Paul Little’s nightmare at Toll Holdings got a whole lot worse this
morning when the stock crashed another 57c to $12.13, meaning it has
now fallen 10.74% from the $13.59 it was at before the ill-fated $4.6 billion
Patrick Corp takeover bid was launched on 22 August last year.

Over the same period, the All Ordinaries index is up 7.3% so that
represents underperformance of 18.5%, something the normally stellar
Toll has never delivered before.

The market appears to be worried about a few things, such as the loss
of shareholder value from the dysfunctional relationship at Pacific
National, the amount of cash wasted on the defence, the likelihood of a
protracted court battle with the ACCC and the prospect of Toll going
over the top in buying P&O’s Australian stevedoring assets for up
to $2 billion.

Whilst Patrick shares also dived a more modest 52c to $6.70 yesterday, the stock
is up 14c to $6.89 today and one of the reasons is speculation that a rival
bidder could yet emerge.

Richard Branson’s Virgin Group is the obvious candidate and there is
some talk in the market that a $7.40-a-share bid will be launched soon.
Branson is about to become very liquid from the $1.63 billion cash sale of his 72% stake in Virgin Mobile to NTL and would
dearly love to recover control of Virgin Blue from Patrick. Toll Holdings would be a
ready buyer of Patrick’s valuable stevedoring business and Branson knows plenty
about trains from his Virgin franchises in the UK.

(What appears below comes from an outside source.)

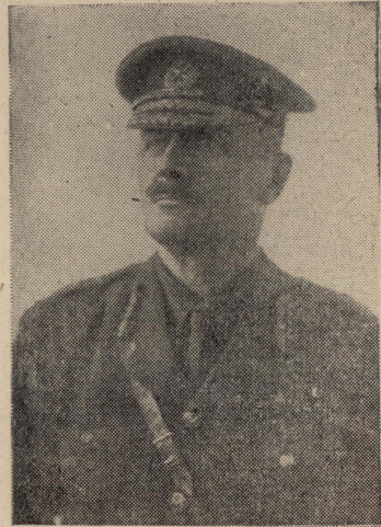
Il-Ġeneral Sir Edmund Allenby, G.C.M.G., K.C.B., li heles lil Ġerusalem mill-madmad tat-Torok, fl-1917 (Twieled fit-23 t'April 1861 u miet fl-14 ta' Mejju 1936.

fid-dellijiet tal-Wied ta' Gosafat, sejr in lejn Gerku u l-Gordan, in-nies ta' Ġerusalem qamu mit-telqa li l-guġħ u l-Pulizija Torka kienet tefghathom fiha. Xtehtu fuq għadd ta' djar li qabel kienu tal-fizzjali jew tas-suldati, u hadu kull ma kien hemm fihom, saħansitra l-bibien u z-zingu tal-osqfa tal-barrakki, li kienu hada Bieb il-Halil, jew it-Torri ta' David. Jaqbel wiehed jghid li n-nies kellhom għal fejn jagħmlu hekk, għax kull ma kelliha l-Hakma Torka, kien magħmul bis-saħħa tal-poplu, li ma kienx imħallas tiegħu; għal hekk in-nies ma kienux jagħmlu haġa oħra għajr jieħdu ffit mill-hafna li kien jisthoqqilhom. Imma dad-dizordni għab f'daqqa, bhal ma f'daqqa kien beda, malli daħlu l-ewwel suldati Inġliżi fil-belt. Is-serq kien magħmul minn gemgħat zghar ta' nies, bil-hatfa u bil-mistur.

Branson would have no problems with the ACCC, but it has to be said
that Graeme Samuel’s tactics yesterday were very interesting. His
emphatic 8 page statement
appeared designed to blow Toll out of the water and exert maximum
pressure against any court challenge. The ACCC suffered a major blow
when AGL beat it in court, and clearly Samuel would rather not risk another
defeat.

Finally, it would be very interesting to know how much money has been
wasted on all these takeover processes so far, let alone the enormous
distraction it has been for management.

As we’ve argued before, takeovers are becoming ridiculously expensive and the disclosure is not often very timely. For instance:

  • Boral spent $11 million on its failed bid for Adelaide Brighton;
  • GPT spent $16 million on its failed merger with Lend Lease; and
  • Lend Lease spent $28 million on its failed merger with GPT.
  • Axa Asia Pacific spent $7 million saying “non” to its French parent last year

Both Patrick and Toll need to come clean and reveal the amounts spent
so far. Both will probably be above $20 million as this has been long,
ugly and costly, with dozens of lawyers and advisers involved.